(Data records Opens)

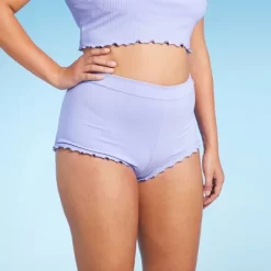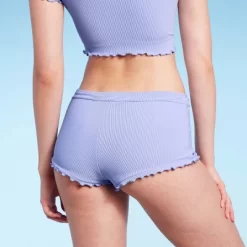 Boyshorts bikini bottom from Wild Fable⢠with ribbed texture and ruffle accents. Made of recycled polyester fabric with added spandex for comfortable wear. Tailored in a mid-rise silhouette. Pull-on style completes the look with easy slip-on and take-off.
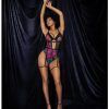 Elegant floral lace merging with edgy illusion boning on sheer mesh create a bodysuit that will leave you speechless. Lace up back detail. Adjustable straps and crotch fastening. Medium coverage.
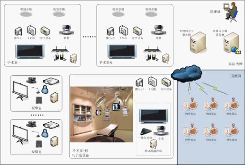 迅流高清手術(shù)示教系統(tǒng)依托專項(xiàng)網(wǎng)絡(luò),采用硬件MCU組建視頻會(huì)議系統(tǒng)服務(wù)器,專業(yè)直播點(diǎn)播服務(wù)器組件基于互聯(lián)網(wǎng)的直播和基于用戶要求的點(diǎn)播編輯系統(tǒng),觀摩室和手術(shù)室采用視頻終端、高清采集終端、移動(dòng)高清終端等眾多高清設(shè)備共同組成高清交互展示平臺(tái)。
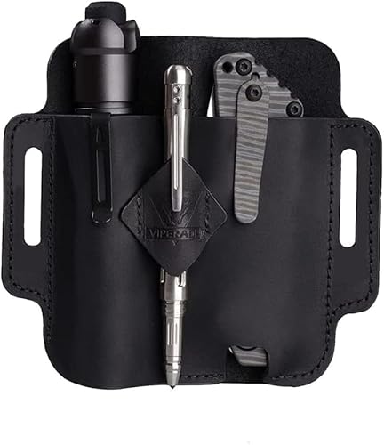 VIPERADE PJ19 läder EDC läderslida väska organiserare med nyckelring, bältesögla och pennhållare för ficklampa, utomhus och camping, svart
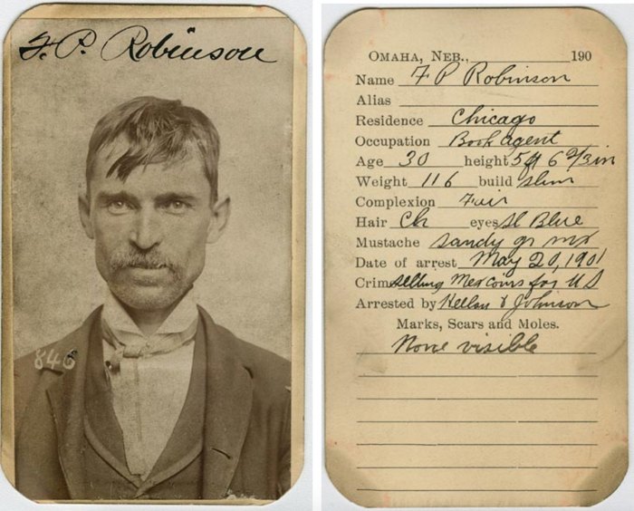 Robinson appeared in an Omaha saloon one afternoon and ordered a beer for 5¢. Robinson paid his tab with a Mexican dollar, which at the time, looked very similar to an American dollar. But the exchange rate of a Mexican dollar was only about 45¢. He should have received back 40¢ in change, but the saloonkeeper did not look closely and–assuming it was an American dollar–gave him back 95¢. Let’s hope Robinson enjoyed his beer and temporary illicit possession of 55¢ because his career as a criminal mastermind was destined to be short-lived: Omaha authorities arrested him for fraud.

(Data records Closes)
(Data records Opens)

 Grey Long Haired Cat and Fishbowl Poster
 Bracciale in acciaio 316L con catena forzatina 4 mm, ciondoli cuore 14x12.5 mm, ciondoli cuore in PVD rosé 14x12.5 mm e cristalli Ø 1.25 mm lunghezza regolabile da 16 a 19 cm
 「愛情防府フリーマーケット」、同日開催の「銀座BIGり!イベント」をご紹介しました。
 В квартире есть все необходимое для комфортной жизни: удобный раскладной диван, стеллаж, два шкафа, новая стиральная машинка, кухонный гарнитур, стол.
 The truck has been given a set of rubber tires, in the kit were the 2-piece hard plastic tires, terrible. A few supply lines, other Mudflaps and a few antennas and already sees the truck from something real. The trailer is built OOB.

(Data records Closes)
(Data records Opens)

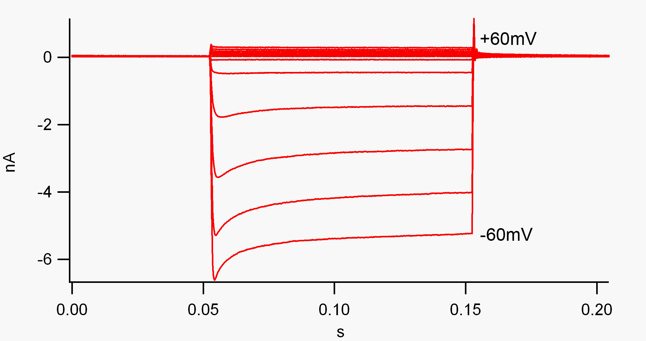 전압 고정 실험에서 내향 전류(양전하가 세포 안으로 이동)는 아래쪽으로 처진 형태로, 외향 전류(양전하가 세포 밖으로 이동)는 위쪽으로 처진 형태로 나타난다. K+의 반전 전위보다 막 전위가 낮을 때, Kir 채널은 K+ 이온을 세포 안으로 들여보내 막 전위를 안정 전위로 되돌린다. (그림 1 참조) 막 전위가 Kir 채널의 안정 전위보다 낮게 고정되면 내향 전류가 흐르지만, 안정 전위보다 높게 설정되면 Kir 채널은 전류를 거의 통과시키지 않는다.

(Data records Closes)

**Task**. Set down word for word the lines above from the one with "迅流高清手術(shù)示教系" up to and including the one with "Robinson appeared in". Omit every picture.

**Solution to this task**.
 迅流高清手術(shù)示教系統(tǒng)依托專項(xiàng)網(wǎng)絡(luò),采用硬件MCU組建視頻會(huì)議系統(tǒng)服務(wù)器,專業(yè)直播點(diǎn)播服務(wù)器組件基于互聯(lián)網(wǎng)的直播和基于用戶要求的點(diǎn)播編輯系統(tǒng),觀摩室和手術(shù)室采用視頻終端、高清采集終端、移動(dòng)高清終端等眾多高清設(shè)備共同組成高清交互展示平臺(tái)。
 VIPERADE PJ19 läder EDC läderslida väska organiserare med nyckelring, bältesögla och pennhållare för ficklampa, utomhus och camping, svart
 Robinson appeared in an Omaha saloon one afternoon and ordered a beer for 5¢. Robinson paid his tab with a Mexican dollar, which at the time, looked very similar to an American dollar. But the exchange rate of a Mexican dollar was only about 45¢. He should have received back 40¢ in change, but the saloonkeeper did not look closely and–assuming it was an American dollar–gave him back 95¢. Let’s hope Robinson enjoyed his beer and temporary illicit possession of 55¢ because his career as a criminal mastermind was destined to be short-lived: Omaha authorities arrested him for fraud.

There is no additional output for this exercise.